4. Atrophic rhinitis
- Atrophic rhinitis is characterized by sneezing, followed by atrophy of the turbinate bones, which may be
accompanied by distortion of the nasal septum and shortening or twisting of the upper jaw. Its significance has
declined substantially, and it is no longer considered a major health risk to swine herds.
- Atrophic rhinitis has been divided into two forms: non-progressive atrophic rhinitis, due to B bronchiseptica,
is mild and transient and generally has little effect on growth and performance.
- Progressive atrophic rhinitis, due to toxigenic P multocida, is severe, permanent, and usually accompanied by
poor growth.
- Outbreaks of disease usually follow either the introduction of infected pigs or mixing of pigs from different
sources.
- Acute signs of atrophic rhinitis, which usually appear at 3–8 weeks of age, include sneezing, coughing, and
inflammation of the lacrimal duct. In more severe cases, nasal hemorrhage may occur.
- The severity of atrophic rhinitis in a herd depends largely on the presence of toxigenic strains of P
multocida, management practices, and the immune status of the herd.
- The signs and lesions are commonly the basis for diagnosis of atrophic rhinitis; however, the presence of
toxigenic strains of P multocida should be confirmed. Routine monitoring is done in some breeding herds by
measuring the degree of turbinate atrophy and giving the herd an atrophy score.
- Due to elimination programs of toxigenic P multocida at the seedstock level, atrophic rhinitis is rarely
observed in modern swine production systems.

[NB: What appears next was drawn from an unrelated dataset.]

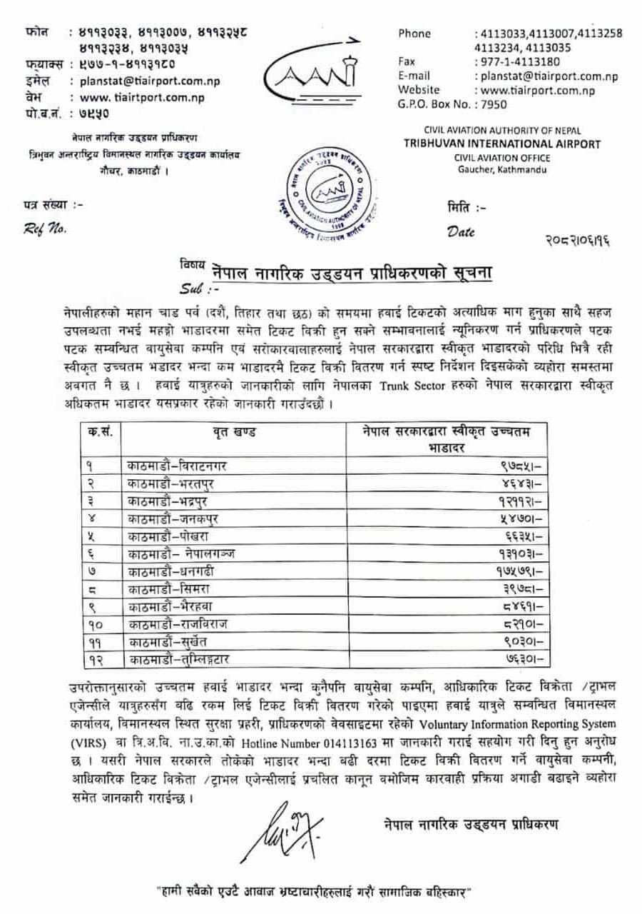 दशैँ, तिहार तथा छठको समयमा हवाई टिकटको अत्यधिक माग हुनुका साथै सहज उपलब्धता नभई महँगोमा भाडादरमा समेत बिक्री हुन सक्ने सम्भावनालाई न्यूनीकरण गर्ने भन्दै क्यानले देशभित्रका विभिन्न स्थानको अधिकतम भाडादर सार्वजनिक गरेको जनाएको छ ।

- Sows are vaccinated 4 and 2 weeks before farrowing, and the young pigs at 1 and 4 weeks of age. A high level
of colostral immunity is acquired by piglets nursing vaccinated sows.
- The recovery may not prevent the stock from acting as carriers of infection.
5. Salmonellosis
- Salmonella enterica is one of the most common Salmonella species affecting pigs. It sometimes produces
necrotizing enterocolitis; more commonly, it is associated with septicemic disease characterized by hepatitis
and pneumonia. Intestinal salmonellosis in pigs has traditionally been associated with either S Choleraesuis or
S Typhimurium.
- Sources of infection with these serotypes are primarily asymptomatic carrier pigs; however, rodents and
contaminated feed and premises may also be sources.
- Intestinal salmonellosis is most often observed in pigs from weaning upto about 5 months old; however, it can
occur at other ages. Affected pigs are commonly febrile, with reduced feed intake, and have liquid yellow feces
that may contain shreds of necrotic debris.
- Restless and febrile (40.6o-41.7oC), diarrhea is seen on third to fourth day with watery yellow feces,
mortality is high.
- Culture of feces or intestinal mucosa using selective media, with or without enrichment, is useful to isolate
salmonellae from clinical samples and can be completed in a few days.
- Culture is typically followed by serotyping to confirm the serotype involved. PCR assays are increasingly
available, often with serotype-level specificity that can reduce the time to final etiologic diagnosis.
- Histological examination of affected intestine and liver tissue to differentiate intestinal salmonellosis from
proliferative enteropathy and swine dysentery is of high diagnostic value.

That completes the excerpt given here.